Governance Systems Used For Cryptocurrencies

Bitcoin and Ethereum already have systems in place to implement decentralized representation. The core of these systems is Improvement Proposals, suggested by developers and users to enhance the functionality and performance of their respective blockchains.

But Hacker suggests that these proposals alone might not be enough. “Bitcoin clearly has not implemented an effective governance framework yet that would balance user/community voice with some steering on behalf of core developers in times of crisis,” he says.

As proof of his assertion, he refers to the veto mechanism from the Bitcoin core team that prevented the development of a larger block on the crypto’s blockchain for efficient processing of transactions. “Often this (the Improvement Proposal) works via a signaling mechanism that gives voice to miners, but not to ordinary users,” he says.
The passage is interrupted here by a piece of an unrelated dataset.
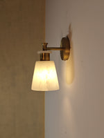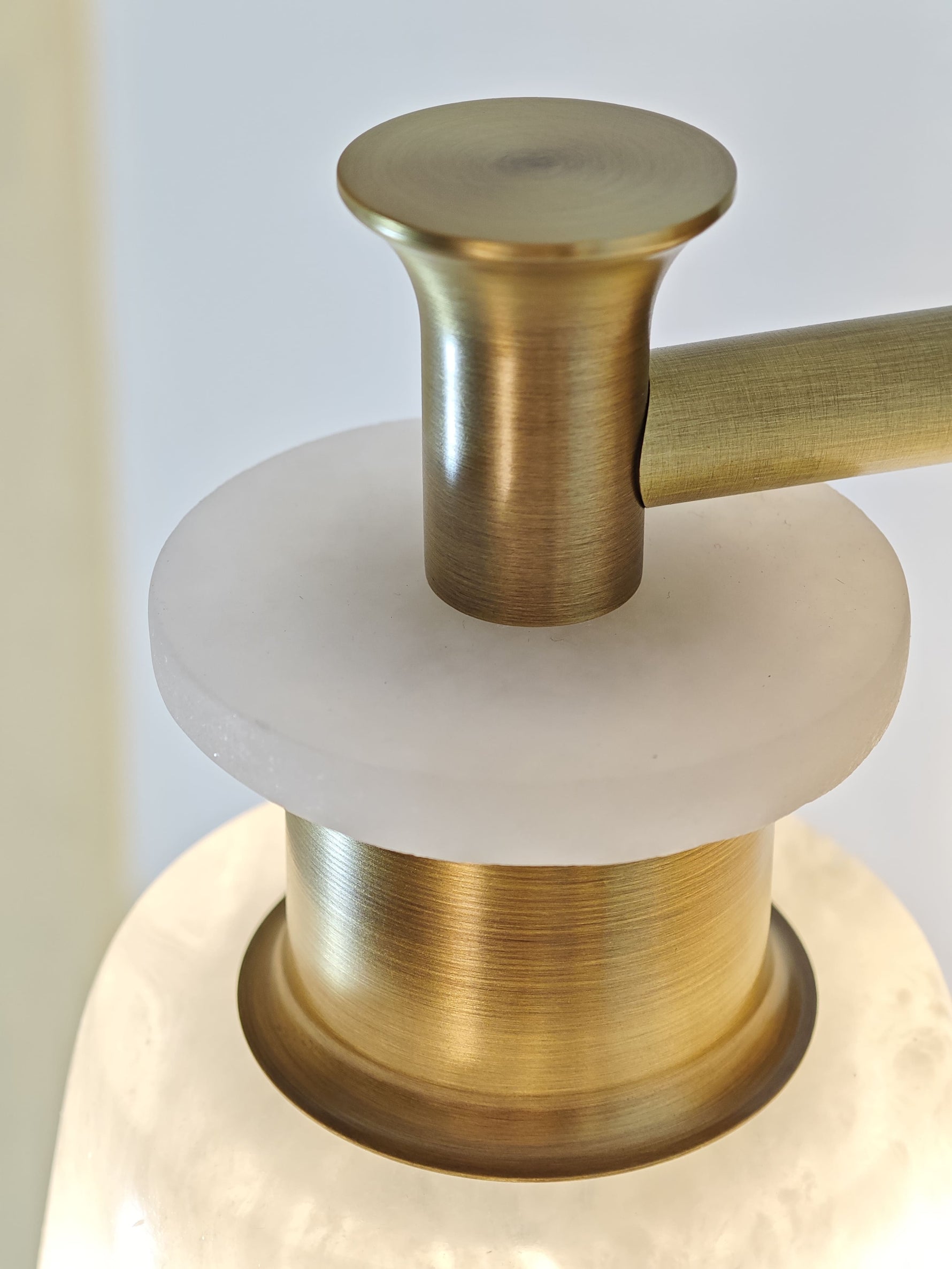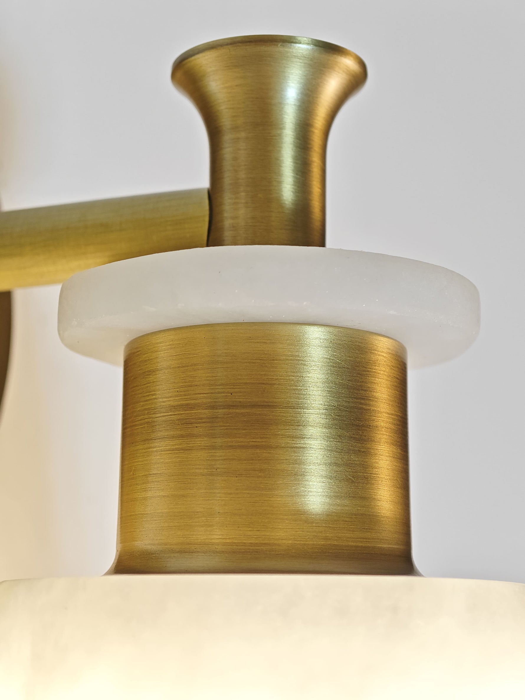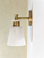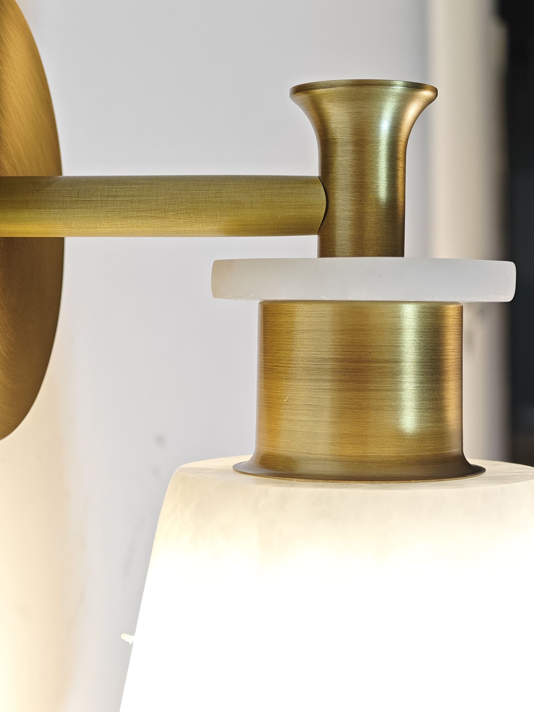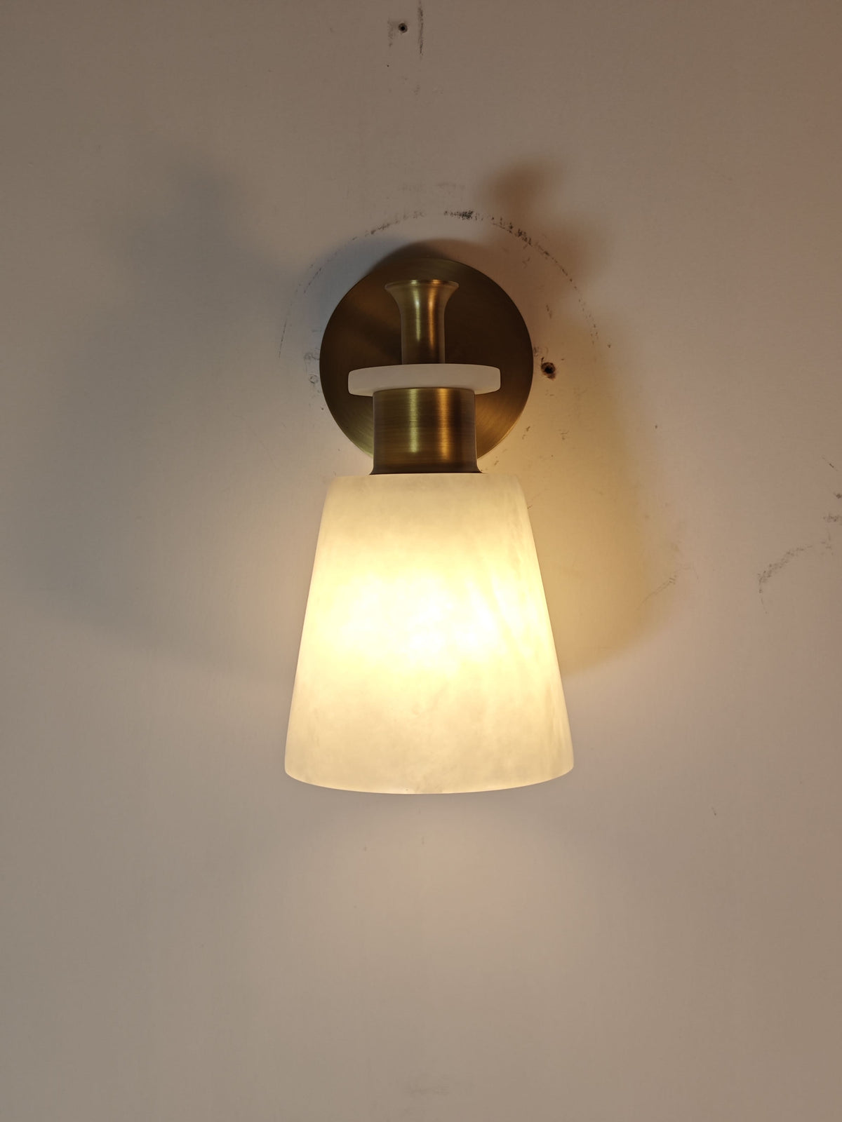- Experience the beauty of natural light with the Polly Alabaster Wall Sconce. The unique tapered alabaster shade, paired with a sleek brass frame, casts a warm, inviting glow. This stunning piece is not just a light fixture; it's a work of art that will elevate your home decor.

Users, in this instance, are people who own cryptocurrencies, whether through running full nodes or third-party wallets.

Ethereum is ahead of Bitcoin in the governance game. The cryptocurrency has already tested several cryptocurrency-related innovations on its blockchain. For example, voting on the DAO proposal occurred through the implementation of a Carbon voting mechanism, in which each voting node had to make a transaction involving spending a minimal amount of ether (ranging from 0.06 ether to 0.08 ether). However, it recorded low voter participation. In addition to this, it also publishes transcripts of developer calls on its website.

Other Governance Programs

Other cryptocurrencies have also implemented different forms of governance systems. Some are a hybrid of off-chain governance and on-chain systems while others are purely on-chain systems.

For example, Dash’s system combines decision-making about future development through voting on proposals presented by Dash’s core development team by Masternodes (which are responsible for transaction consensus). Dash Core, which consists of senior members from the Dash network, is answerable to Masternodes and is answerable to them. It can also be removed by them.

“In essence, we are owned indirectly by the network and have a fiduciary duty back to them,” says Ryan Taylor, CEO of Dash. Decred, another crypto, implements a somewhat similar structure, but the entire process, voting, and proposals are implemented on the blockchain. The number of votes per stakeholder or user is proportional to their stake of coins.

Such an on-chain system may face problems in a privacy-focused cryptocurrency, such as Monero, where public keys identifying a voter are not easily divulged. Still, the movement of cryptocurrencies toward establishing governance systems is a positive development, says Hacker. “It shows that there is a demand for them (such systems).”